By the year 47, when Plautius was succeeded as commanding officer by Ostorius Scapula, a frontier had been established from Exeter to the Humber, based on the road known as the Fosse Way.  Ostorius Scapula created defences comprising of a series of Roman fortresses between the rivers Severn and the Avon based on the locations of ancient British encampments. Harescombe is a village about 5 miles south of Gloucester and west of Painswick nestling in a valley between Haresfield and Edge

Hares-Combe is thought to originate from the Saxon word Here for army and the Celtic word Cwm for valley, so Harescombe is the valley of the army.

You can tell that this hare is a Roman soldier, a legionary, by the type of armour he is wearing, the lorica segmentata and his sword, the gladius.  He must be off duty as he is not wearing his helmet or holding his spear, essential equipment when you are guarding the frontier of the Roman Empire. Like the other members of his legion based along the Fosse Way frontier he is a Roman citizen but he comes from the south of France so he doesn’t really like the weather here.
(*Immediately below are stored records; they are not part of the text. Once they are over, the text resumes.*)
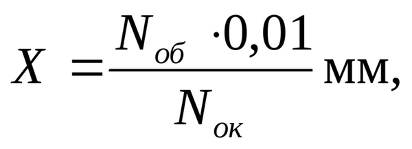 Например, если цена деления масштаба b = 1 мм, то при m = 10 точность нониуса равна 0.1 мм, а при m = 20 — 0.05 мм.
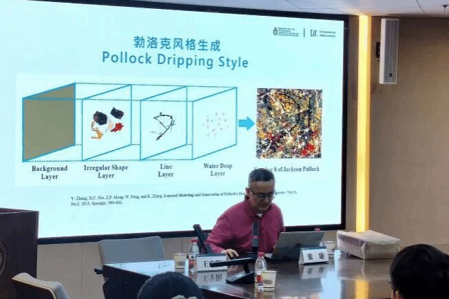 张康教授详细介绍了计算美学在多媒体算法、深度学习、计算机图形学等多个子领域的应用,展示了团队在生成不同艺术风格方面的研究成果。从波洛克的滴画风格到米罗的超现实主义,再到毕加索的立体派风格,计算机通过深度学习算法成功模拟了这些大师的艺术风格,生成了令人惊叹的艺术作品。
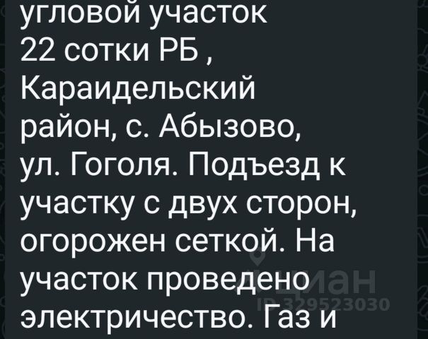 Продаётся земельный участок в экологически чистом и живописном Караидельском районе, деревня Муллакаево. Первая береговая линия, рядом впадают две реки Тюй и Сарс. В шаговой доступности есть родник "Изге Чишмэ". Имеется сруб 5 на 5,5. Один собственник, плошадь 26,5 соток. Земля значения ЛПХ. Отлично подойдёт как для строительства жилого дома, так и для производства сельскохозяйственной продукции личного потребления. Торг уместен
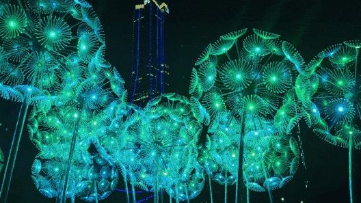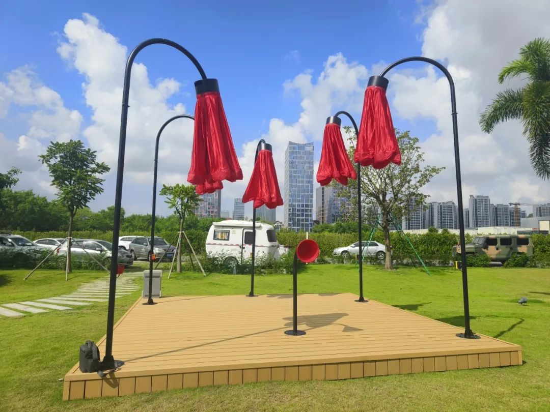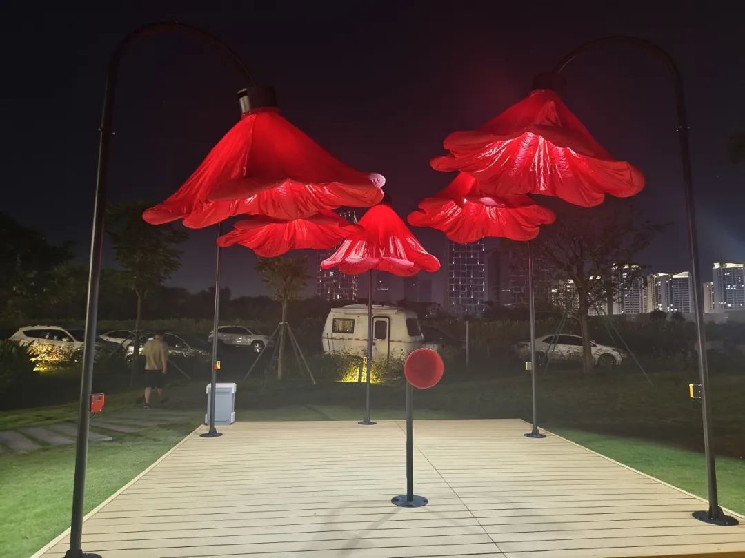 橫琴生態(tài)澤園的創(chuàng)意燈飾以含苞待放的喇叭花為主體造型,花朵使用充氣物料制成,內(nèi)部藏有感應(yīng)器。
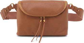 Polished hardware and richly textured leather distinguish an organized belt bag fitted with an adjustable strap for versatile wear.
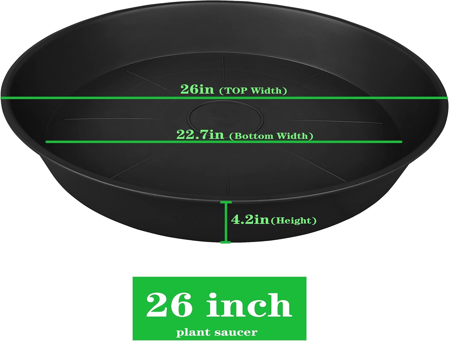 - 【PlANT SAUCER VLUE】Bleuhome plant saucer 26 inch, 3 packs black plant saucers, The tray size of each Flower pot trays is 26" at the top and 22.7" from bottom and it is 4.2" deep, suitable for planters with bottom diameter less than 26 inches.Plant Trays for Planter 21"/22"/23"/24"/25"/26"/27".
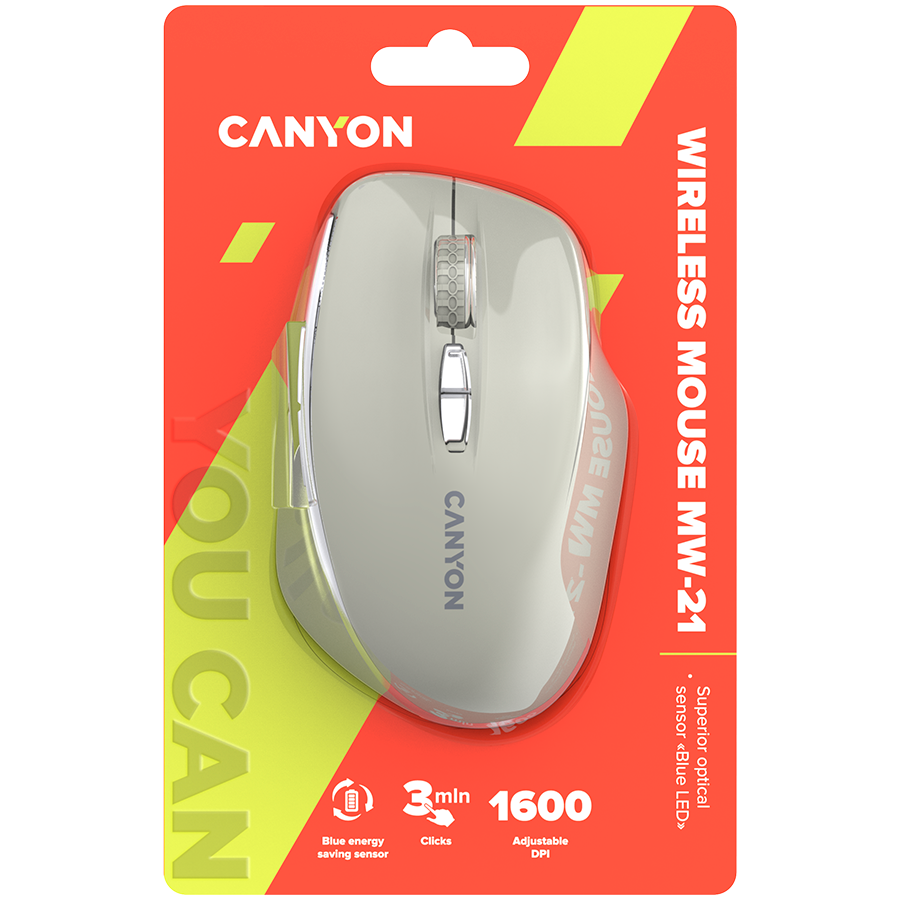 One of the most successful solutions among all Canyon PC accessories! Due to the improved LED sensor with «Blue LED» technology, this mouse works much more accurately than any other mouse of this class, and with power saving technology, it increases the operating time by 20% from a single AA battery. Wireless 2.4 GHz USB receiver allows you to maintain a high-quality connection without cluttering the workplace with unnecessary wires. 7 durable buttons and 3 DPI switching levels ensure optimal operating functionality. The monolithic, ergonomic right-handed design and durable UV Matt covering and Rubber Coating make the mouse a decent everyday companion.

But he is paid well and at least he is not an auxiliary soldier from Gaul.

His Roman name is Maximus Lepus Europaeus and like other hares he is only in Britain because he came here with the Romans

 

MMXVIII

Artist

Martyn Dymott

Artist Biography

Martyn lives in Gloucester and works for a national animal welfare and rehoming charity based in Burford so regularly travels across the Cotswolds Area of Outstanding Natural Beauty.  A member of the Gloucestershire Society of Artists and on the organising committee of the Cheltenham Art in the Park his spare ...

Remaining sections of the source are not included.